Content starts
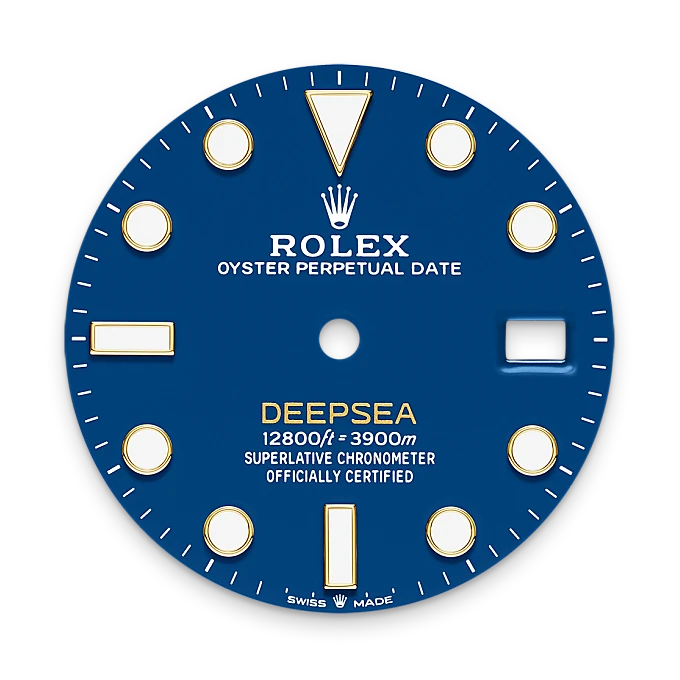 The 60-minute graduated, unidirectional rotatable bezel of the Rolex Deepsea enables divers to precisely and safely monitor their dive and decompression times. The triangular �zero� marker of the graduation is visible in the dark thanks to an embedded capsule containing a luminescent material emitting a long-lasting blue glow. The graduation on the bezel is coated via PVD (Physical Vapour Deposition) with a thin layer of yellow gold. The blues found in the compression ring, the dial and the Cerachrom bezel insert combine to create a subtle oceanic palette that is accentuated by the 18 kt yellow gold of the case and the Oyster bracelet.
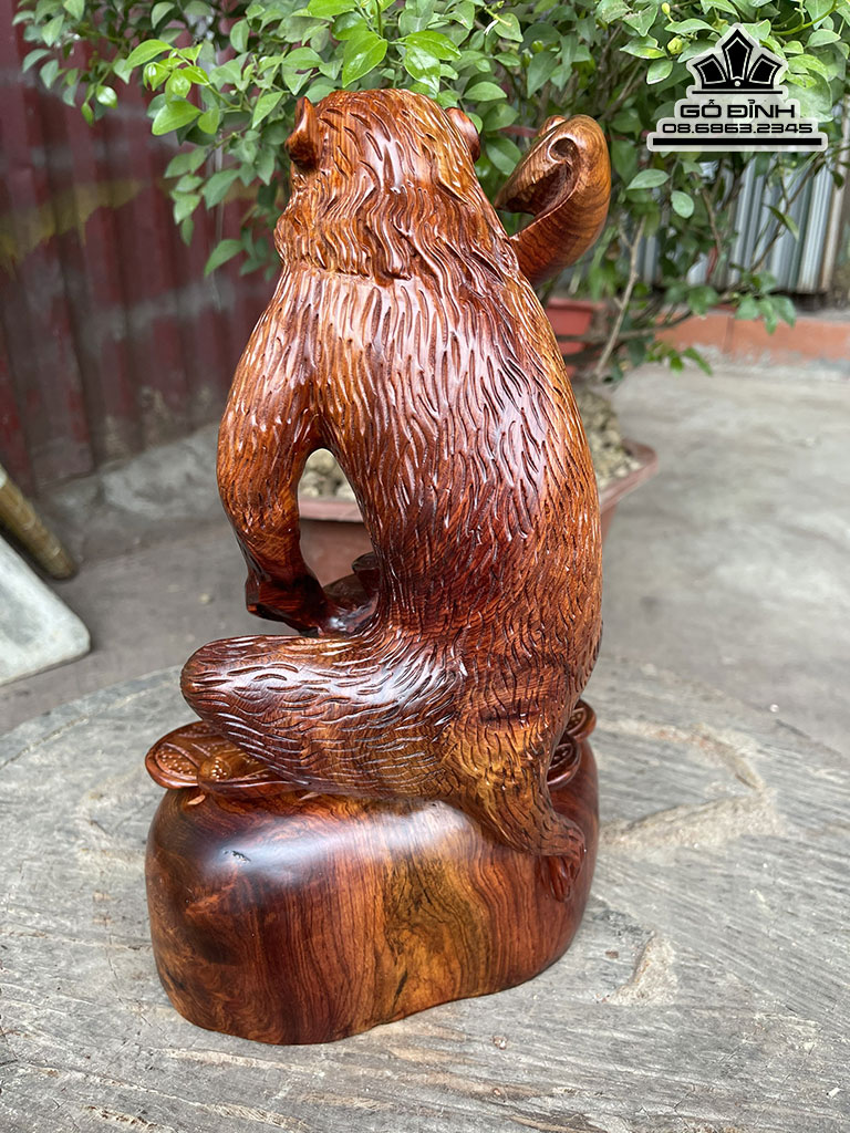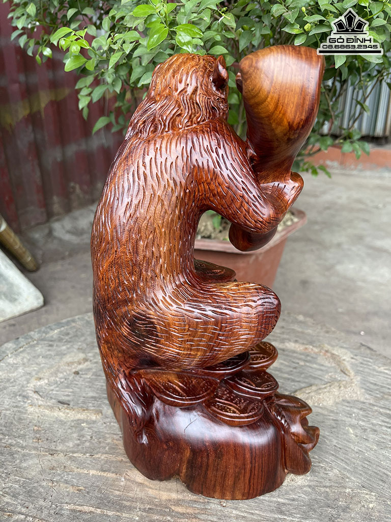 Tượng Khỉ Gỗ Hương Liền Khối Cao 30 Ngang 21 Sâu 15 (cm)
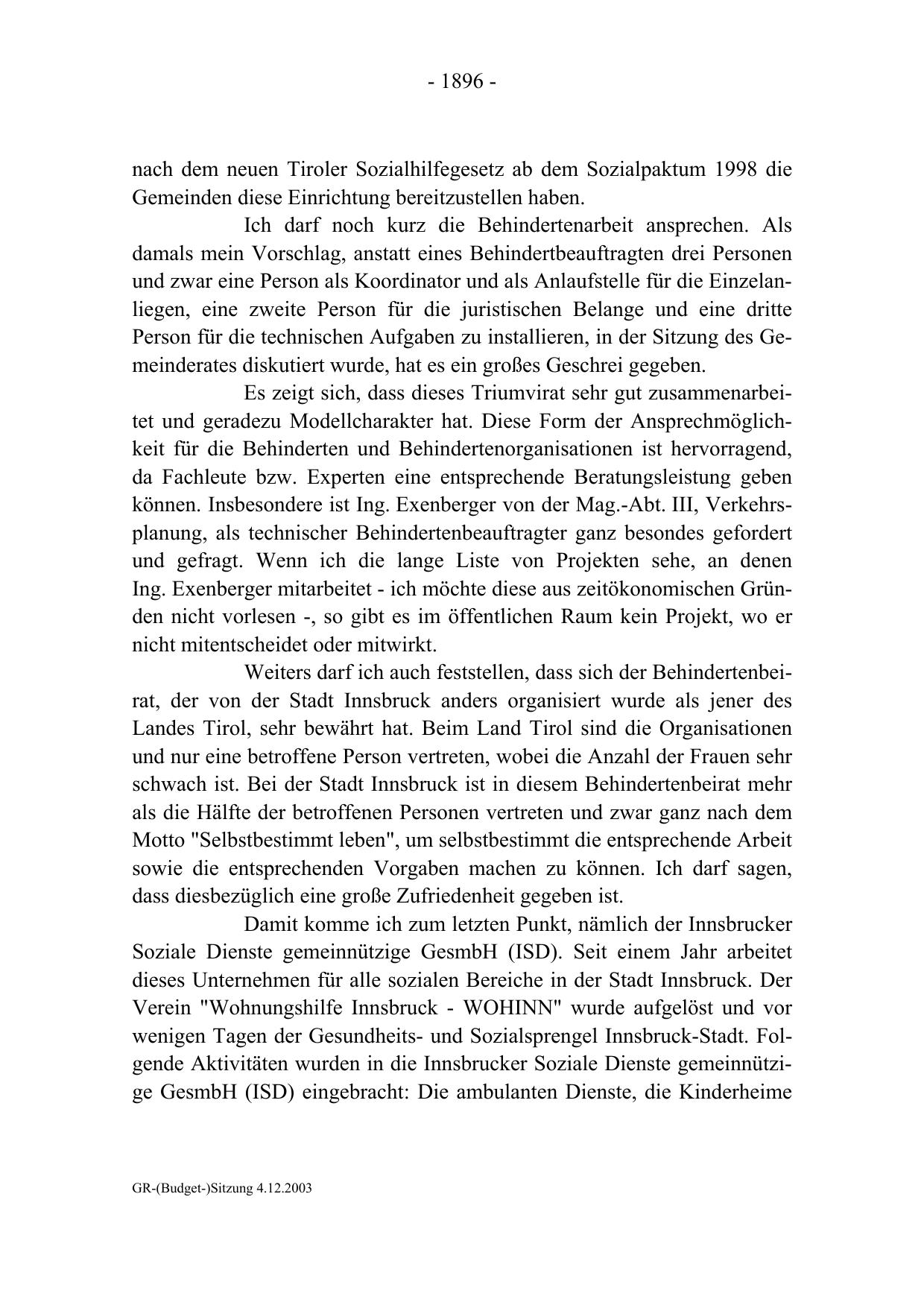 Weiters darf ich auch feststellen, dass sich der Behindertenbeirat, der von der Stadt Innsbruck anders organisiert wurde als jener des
Content ends
Description of the task> The data above must be written out again without alteration, and the pictures in them must be excluded.

Exercise output>
 The 60-minute graduated, unidirectional rotatable bezel of the Rolex Deepsea enables divers to precisely and safely monitor their dive and decompression times. The triangular �zero� marker of the graduation is visible in the dark thanks to an embedded capsule containing a luminescent material emitting a long-lasting blue glow. The graduation on the bezel is coated via PVD (Physical Vapour Deposition) with a thin layer of yellow gold. The blues found in the compression ring, the dial and the Cerachrom bezel insert combine to create a subtle oceanic palette that is accentuated by the 18 kt yellow gold of the case and the Oyster bracelet.
 Tượng Khỉ Gỗ Hương Liền Khối Cao 30 Ngang 21 Sâu 15 (cm)
 Weiters darf ich auch feststellen, dass sich der Behindertenbeirat, der von der Stadt Innsbruck anders organisiert wurde als jener des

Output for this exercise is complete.